Mice were placed in individual Laboras-specified cages (Metris B.V., Netherlands) placed on a carbon fiber platform that detects a range of behaviors based on the vibration pattern, which was collected with the Laboras 2.6 software. Behaviors assessed consist of frequency and time courses of grooming, rearing, climbing, locomotion, and immobility. Mice were assessed over 22 h and had free access to food and water.
Mice were placed in the center of square white open arenas (40 × 40 × 40 cm) and monitored for 120 min. Open-field locomotion was recorded and analyzed (distance and position in the arena) using Ethovision video-tracking software (Noldus), with distance traveled further divided into 5 min bins.
Mice were placed on the CatWalk XT (Noldus) and allowed 3 runs with the following average run speed <30 cm/s and run variation <100. The data shown represents an average of 3 runs.
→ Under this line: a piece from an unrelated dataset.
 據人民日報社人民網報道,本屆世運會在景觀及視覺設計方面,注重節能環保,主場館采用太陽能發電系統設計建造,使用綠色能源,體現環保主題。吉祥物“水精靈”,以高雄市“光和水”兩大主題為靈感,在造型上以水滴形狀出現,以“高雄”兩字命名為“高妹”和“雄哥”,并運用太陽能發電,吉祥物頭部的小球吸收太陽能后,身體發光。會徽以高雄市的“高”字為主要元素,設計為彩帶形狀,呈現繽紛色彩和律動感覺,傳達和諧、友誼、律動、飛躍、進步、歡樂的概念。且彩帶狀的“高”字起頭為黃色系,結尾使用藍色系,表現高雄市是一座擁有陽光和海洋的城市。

The post-run analysis included the following run duration (s), average speed (cm/s), the maximum contact area of the ipsilateral hind paw (LH_MaxContactArea) (cm2), swing speed of the ipsilateral hind paw (LH_SwingSpeed) (cm/s). CatWalk settings during Camera Gain = 20.7 dB, Green Intensity Threshold = 0.12, Red Ceiling Light = 17.7 v, Green Walkway Light = 16.5 v.
RotaRod was performed over 3 days. On day 1, the mice were trained on the RotaRod. Once 3 min at 5 rpm was completed for each mouse, a 3-day accelerating paradigm was started. Over 5 min, the speed was increased from 4 to 40 rpm (1 rpm/8 s). 3 trials per mouse were performed on day 1–3. On day 3 following the accelerating paradigm, the mice were tested with a fixed speed paradigm. The mice were placed on the rod at 5, 10, 15, 20, 25, 30, 35, and 40 rpm for 5 min each time, or until the mouse fell off 3 times at the same speed. An inter-trial break of at least 10 min was used between each speed.
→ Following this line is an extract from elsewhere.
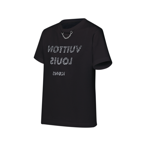 Eine spiegelverkehrte Louis Vuitton Signatur verleiht diesem schlichten T-Shirt eine verspielte Note. Das Motiv ist in einem unverkennbaren, marmorierten Look auf Baumwolljersey gedruckt. Das ikonische Ketten-Detail des Hauses Louis Vuitton rundet das edle Design ab.

Behavioral experiments were performed by female experimenters at the University of Copenhagen (Denmark), Aarhus University (Denmark), and Heidelberg University (Germany). The list specifies the study site for each
Figures 1C + 1F: University of Copenhagen.
Figure 3A, 3C and 3D: Aarhus University.
Figure 3B + 3I: University of Copenhagen.
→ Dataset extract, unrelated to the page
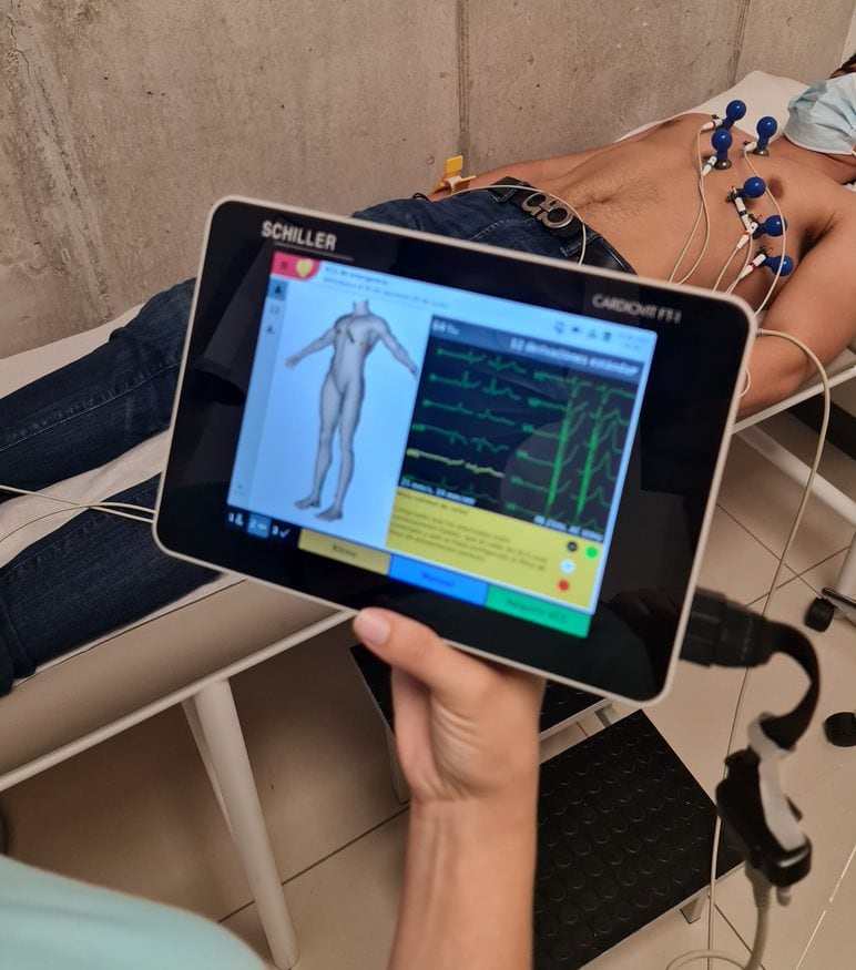 “Las unidades de ultrasonido cardíaco antes eran equipos muy grandes”, explica Carlos. “Ahora son portátiles: se utilizan sondas que se conectan a una tableta para obtener las imágenes”.

Figure 3E–3H +3J Heidelberg University.
Figure 4A: Heidelberg University.
Figure 4B–4F: University of Copenhagen.
Figure 5A: University of Copenhagen.
Figure 6A: University of Copenhagen.
Figures S2A–S2C: University of Copenhagen.
Figures S4C and S4D: University of Copenhagen.
Figure S5D: University of Copenhagen.
Figures S6B–S6Q: Heidelberg University.
Figures S7B and S7C: University of Copenhagen.
Statistical details are reported in the figure legends and were computed with GraphPad Prism 9 and 10. One-way ANOVA was used to compare group means between more than two groups, followed by either Dunnett’s multiple comparisons, where groups were compared with controls, or Tukey’s multiple comparisons, where means of every two groups were compared. Two-way ANOVA, or mixed-effect analysis, was used to compare group means when there were two or more variables, followed by either Tukey’s, Holm-Šidák’s, or Dunnett’s multiple comparisons (as noted in the figure legends). Depending on the experimental design, either two-way ANOVA or two-way repeated measures ANOVA was used. One-sample t test was used to compare group means. Survival probability was determined by Log rank (Mantel-Cox) test, whereas cumulative distribution was determined by Kolmogorov-Smirnov (KS) test. All comparisons are two-sided. Statistical significance was determined as ∗p < 0.05, ∗∗p < 0.01, ∗∗∗p < 0.001, ∗∗∗∗p < 0.0001, as indicated in the figures. Results show mean ± SEM, if not otherwise stated. No estimate of power was performed before experiments, but sample sizes were similar to those generally employed in the field.
Data analysis and statistical methods specific for snRNAseq and MS can be found under their respective STAR Methods section.